◆ **EXERCISE DESCRIPTION**
Output the data below exactly, images excluded.

(Source records)
══════════
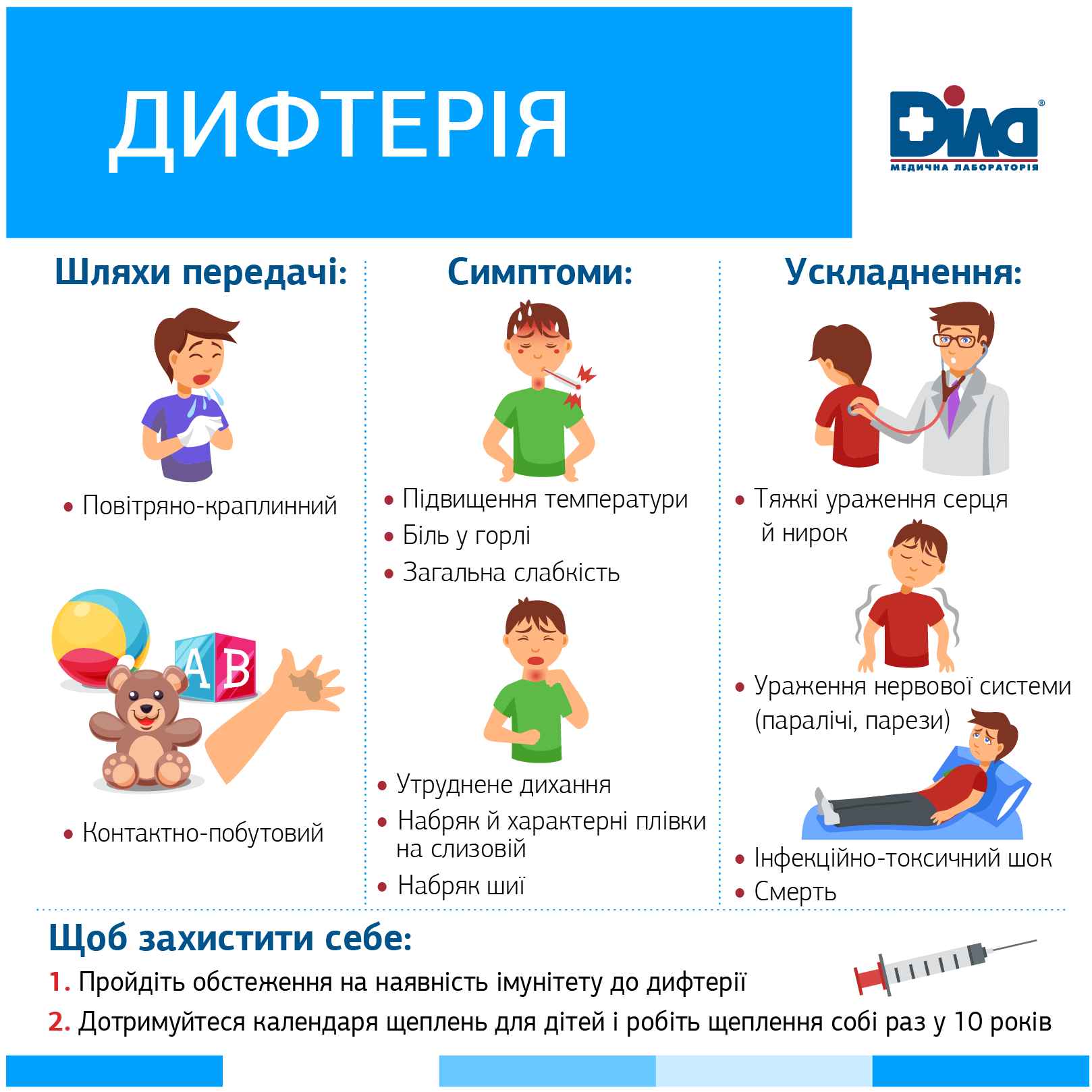 В связи со вспышкой дифтерии на западе Украины медицинская лаборатория ДІЛА рекомендует быть внимательными к своему здоровью и обратить внимание на уровень защиты против инфекции. Избежать заражения поможет вакцинация, но всем ли она нужна в обязательном порядке?
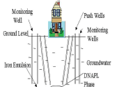 Thousands of DNAPL-contaminated sites have been identified across the United States; however, few technologies exist that can treat DNAPLs in a timely and cost-effective manner. For example, traditional pump-and-treat methods can require decades of treatment time and operational costs. Other methods that treat DNAPLs in place, such as steam injection and radio-frequency-heating, are expensive and can cause contaminant mobilization. NASA's EZVI technology overcomes these limitations by providing a method that is quick, effective, and cost-competitive. EZVI involves placing nanoscale zero-valent iron particles into a surfactant-stabilized, biodegradable oil-in- water emulsion. This emulsion is injected into the DNAPL contaminated zones of the subsurface. The DNAPL is then pulled into the emulsion where the contaminant reacts with the zero-valent iron. Through a process known as reductive dehalogenation, the DNAPL and its daughter products are degraded into ethene and other hydrocarbons. These by-products are finally broken down through biological activities in the subsurface.
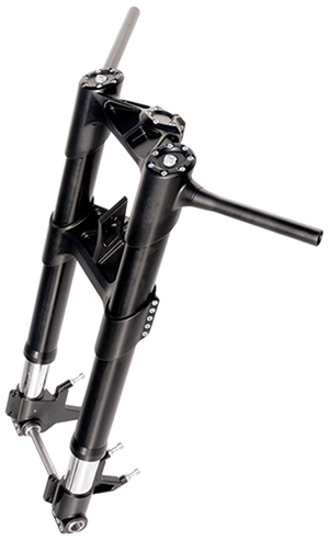 Gaffelbenenes diameter skal stå i forhold til motorcyklens størrelse og vægt for at give tilstrækkelig stabilitet. Men vendes forgaflen "på hovedet" (upside down-gaffel, USD), så standrørene er tykkest og gliderørene tyndere, opnås både større stivhed, mindre tendenser til fleksning og lavere uaffjedret masse, hvilket igen giver bedre vejgreb. De mest sofistikerede upside down-gafler har inderrør, som er coated med gylden titaniumnitrid (TiN) eller sort carbonnitrid (TiCN), som reducerer friktionen og får gaflen til at arbejde hurtigere. Tendensen går mod flere og flere justeringsmuligheder på forhjulsaffjedringen. Sportsmotorcykler har oftest både justerbar fjederforspænding, kompressions- og returdæmpning. På den måde tilgodeses helt forskellige kørsels- og komfortbehov cyklen tilpasses førerens vægt og fartambitioner.
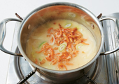 6. 끓으면 마른 새우, 대파를 넣어 살짝 더 끓여 마무리한다.
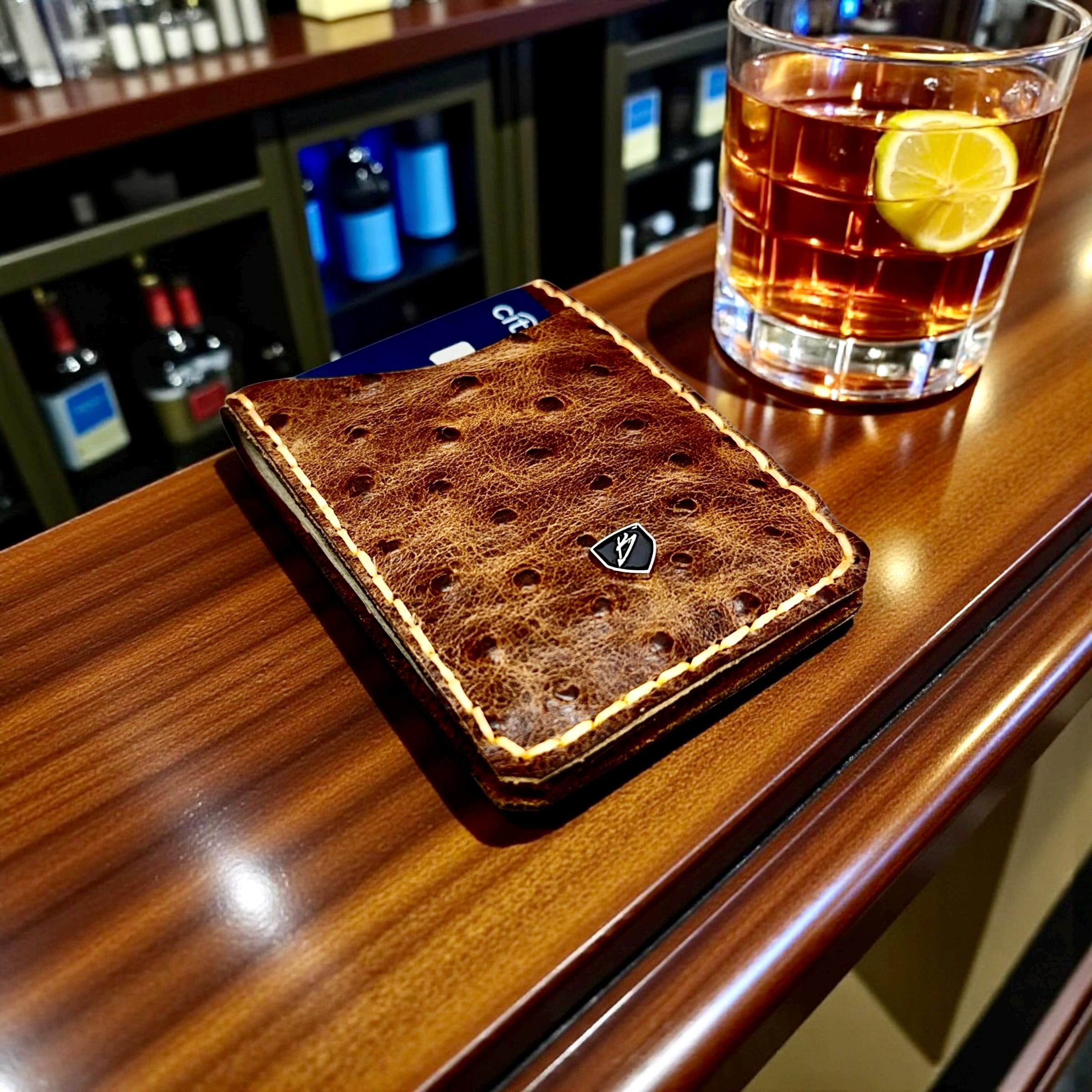Each Bench Built wallet is handcrafted in the USA using premium Embossed Ostrich leather, selected for its refined texture, durability, and smooth, broken-in feel right out of the box. The embossed finish delivers the distinctive look of ostrich while offering consistency, strength, and long-term wear — aging gracefully with everyday use.
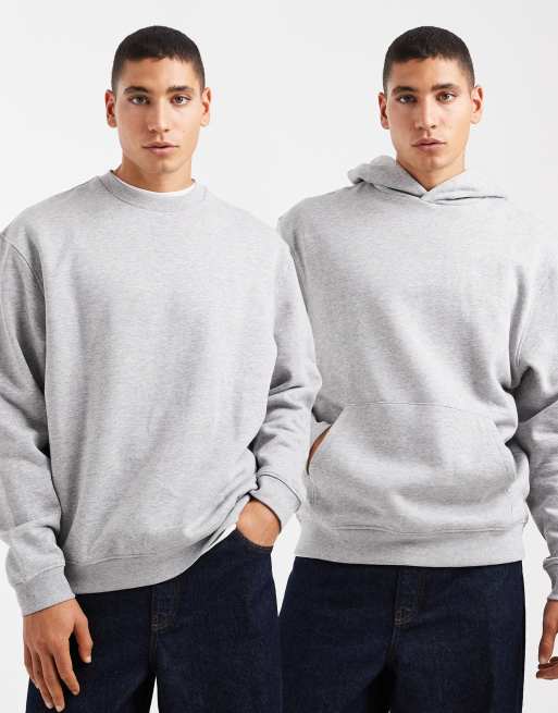 ASOS DESIGN - Essentials - Pakke med gråmeleret hættetrøje og sweatshirt med afslappet pasform
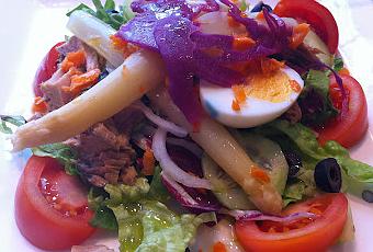 Menú del día por 12,50€ (2,50€ más que La Mary, y mejor calidad, y sin esperar colas!), donde habia ensaladas, crema de verduras, pasta, pizza, carne y pescado. De lo más completo por ese precio! Yo que soy muy tradicional y con eso de que hay que empezar a cuidarse, pedí la ensalada de la casa: mucho colorido, muchos productos, y buena cantidad. No era una ensalada muy elaborada, pero se comia bien. Y para fastidiar este comienzo de dieta, pizza blanca con queso azul y nueces (no podia ser mejor combinación). Hacia tiempo que no comia una pizza tan buena, con la masa fina y crujiente, en su punto, con mucho mucho queso azul (otro vicio mas, ¡el roquefort! ya he perdido la cuenta de los vicios que he nombrado) y unas cuantas nueces de gran tamaño, que se agradece ver lo que comes, normalmente tienen la mania en los restaurantes de triturar todo. Y para terminar con la "dieta" profiteroles con chocolate: pasables. A ver, ¿¿qué cuesta derretir algo de chocolate y poner algo más casero que esos liquidos marrones industriales que no tienen más que E-167 E-486 colorantes y vete-tu-a-saber-qué-más?? Me he inventado los "E" pero seguro que tienen uno parecido.
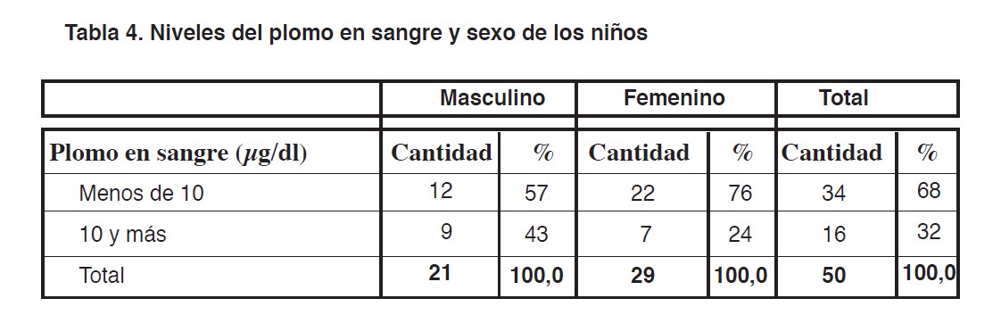 En la tabla 4 se observa que el porcentaje de niños con niveles de plomo en sangre elevado es superior al de las niñas aunque las diferencias por sexo no fueron estadísticamente significativas.
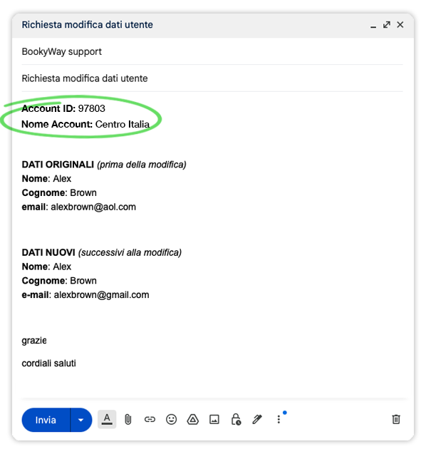 Se hai bisogno quindi di aggiornare questi dati, è necessario inviare una richiesta al supporto compilando l’email nel seguente formato:
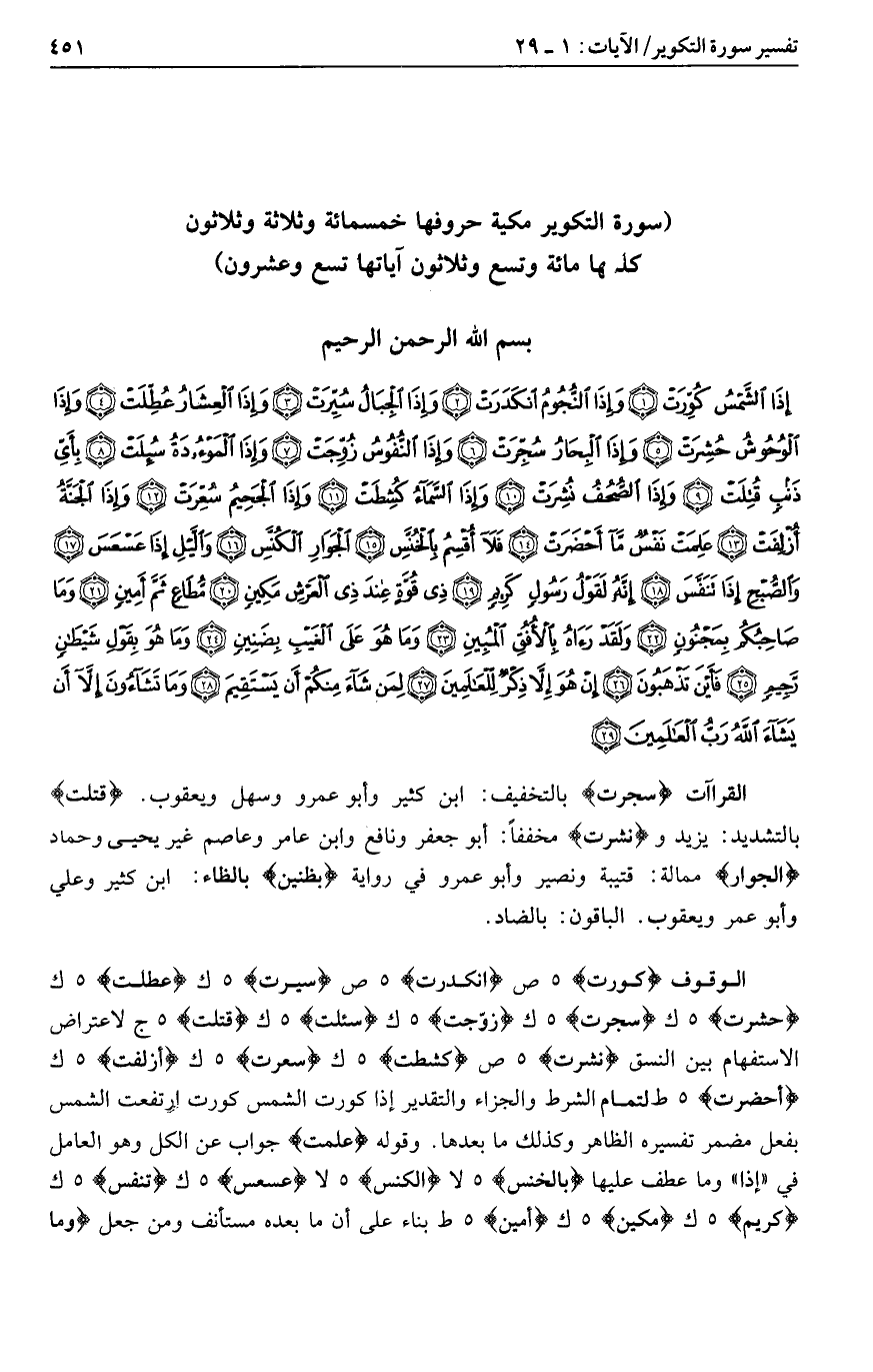 كُوِّرَتْ هـ ص انْكَدَرَتْ هـ ص سُيِّرَتْ هـ ك عُطِّلَتْ هـ ك حُشِرَتْ هـ ك سُجِّرَتْ هـ ك زُوِّجَتْ هـ ك سُئِلَتْ هـ ك قُتِلَتْ هـ ج لاعتراض الاستفهام بين النسق نُشِرَتْ هـ ص كُشِطَتْ هـ ك سُعِّرَتْ هـ ك أُزْلِفَتْ هـ ك أَحْضَرَتْ هـ ط لتمام الشرط والجزاء والتقدير إذا كورت الشمس كورت ارتفعت الشمس بفعل مضمر تفسيره الظاهر وكذلك ما بعدها. وقوله عَلِمَتْ جواب عن الكل وهو العامل في «إذا» وما عطف عليها بِالْخُنَّسِ هـ لا الْكُنَّسِ هـ لا عَسْعَسَ هـ ك تَنَفَّسَ هـ ك كَرِيمٍ هـ ك مَكِينٍ هـ ك أَمِينٍ هـ ط بناء على أن ما بعده مستأنف ومن جعل
══════════
◆ **RESULT BELOW**
 В связи со вспышкой дифтерии на западе Украины медицинская лаборатория ДІЛА рекомендует быть внимательными к своему здоровью и обратить внимание на уровень защиты против инфекции. Избежать заражения поможет вакцинация, но всем ли она нужна в обязательном порядке?
 Thousands of DNAPL-contaminated sites have been identified across the United States; however, few technologies exist that can treat DNAPLs in a timely and cost-effective manner. For example, traditional pump-and-treat methods can require decades of treatment time and operational costs. Other methods that treat DNAPLs in place, such as steam injection and radio-frequency-heating, are expensive and can cause contaminant mobilization. NASA's EZVI technology overcomes these limitations by providing a method that is quick, effective, and cost-competitive. EZVI involves placing nanoscale zero-valent iron particles into a surfactant-stabilized, biodegradable oil-in- water emulsion. This emulsion is injected into the DNAPL contaminated zones of the subsurface. The DNAPL is then pulled into the emulsion where the contaminant reacts with the zero-valent iron. Through a process known as reductive dehalogenation, the DNAPL and its daughter products are degraded into ethene and other hydrocarbons. These by-products are finally broken down through biological activities in the subsurface.
 Gaffelbenenes diameter skal stå i forhold til motorcyklens størrelse og vægt for at give tilstrækkelig stabilitet. Men vendes forgaflen "på hovedet" (upside down-gaffel, USD), så standrørene er tykkest og gliderørene tyndere, opnås både større stivhed, mindre tendenser til fleksning og lavere uaffjedret masse, hvilket igen giver bedre vejgreb. De mest sofistikerede upside down-gafler har inderrør, som er coated med gylden titaniumnitrid (TiN) eller sort carbonnitrid (TiCN), som reducerer friktionen og får gaflen til at arbejde hurtigere. Tendensen går mod flere og flere justeringsmuligheder på forhjulsaffjedringen. Sportsmotorcykler har oftest både justerbar fjederforspænding, kompressions- og returdæmpning. På den måde tilgodeses helt forskellige kørsels- og komfortbehov cyklen tilpasses førerens vægt og fartambitioner.
 6. 끓으면 마른 새우, 대파를 넣어 살짝 더 끓여 마무리한다.
Each Bench Built wallet is handcrafted in the USA using premium Embossed Ostrich leather, selected for its refined texture, durability, and smooth, broken-in feel right out of the box. The embossed finish delivers the distinctive look of ostrich while offering consistency, strength, and long-term wear — aging gracefully with everyday use.
 ASOS DESIGN - Essentials - Pakke med gråmeleret hættetrøje og sweatshirt med afslappet pasform
 Menú del día por 12,50€ (2,50€ más que La Mary, y mejor calidad, y sin esperar colas!), donde habia ensaladas, crema de verduras, pasta, pizza, carne y pescado. De lo más completo por ese precio! Yo que soy muy tradicional y con eso de que hay que empezar a cuidarse, pedí la ensalada de la casa: mucho colorido, muchos productos, y buena cantidad. No era una ensalada muy elaborada, pero se comia bien. Y para fastidiar este comienzo de dieta, pizza blanca con queso azul y nueces (no podia ser mejor combinación). Hacia tiempo que no comia una pizza tan buena, con la masa fina y crujiente, en su punto, con mucho mucho queso azul (otro vicio mas, ¡el roquefort! ya he perdido la cuenta de los vicios que he nombrado) y unas cuantas nueces de gran tamaño, que se agradece ver lo que comes, normalmente tienen la mania en los restaurantes de triturar todo. Y para terminar con la "dieta" profiteroles con chocolate: pasables. A ver, ¿¿qué cuesta derretir algo de chocolate y poner algo más casero que esos liquidos marrones industriales que no tienen más que E-167 E-486 colorantes y vete-tu-a-saber-qué-más?? Me he inventado los "E" pero seguro que tienen uno parecido.
 En la tabla 4 se observa que el porcentaje de niños con niveles de plomo en sangre elevado es superior al de las niñas aunque las diferencias por sexo no fueron estadísticamente significativas.
 Se hai bisogno quindi di aggiornare questi dati, è necessario inviare una richiesta al supporto compilando l’email nel seguente formato:
 كُوِّرَتْ هـ ص انْكَدَرَتْ هـ ص سُيِّرَتْ هـ ك عُطِّلَتْ هـ ك حُشِرَتْ هـ ك سُجِّرَتْ هـ ك زُوِّجَتْ هـ ك سُئِلَتْ هـ ك قُتِلَتْ هـ ج لاعتراض الاستفهام بين النسق نُشِرَتْ هـ ص كُشِطَتْ هـ ك سُعِّرَتْ هـ ك أُزْلِفَتْ هـ ك أَحْضَرَتْ هـ ط لتمام الشرط والجزاء والتقدير إذا كورت الشمس كورت ارتفعت الشمس بفعل مضمر تفسيره الظاهر وكذلك ما بعدها. وقوله عَلِمَتْ جواب عن الكل وهو العامل في «إذا» وما عطف عليها بِالْخُنَّسِ هـ لا الْكُنَّسِ هـ لا عَسْعَسَ هـ ك تَنَفَّسَ هـ ك كَرِيمٍ هـ ك مَكِينٍ هـ ك أَمِينٍ هـ ط بناء على أن ما بعده مستأنف ومن جعل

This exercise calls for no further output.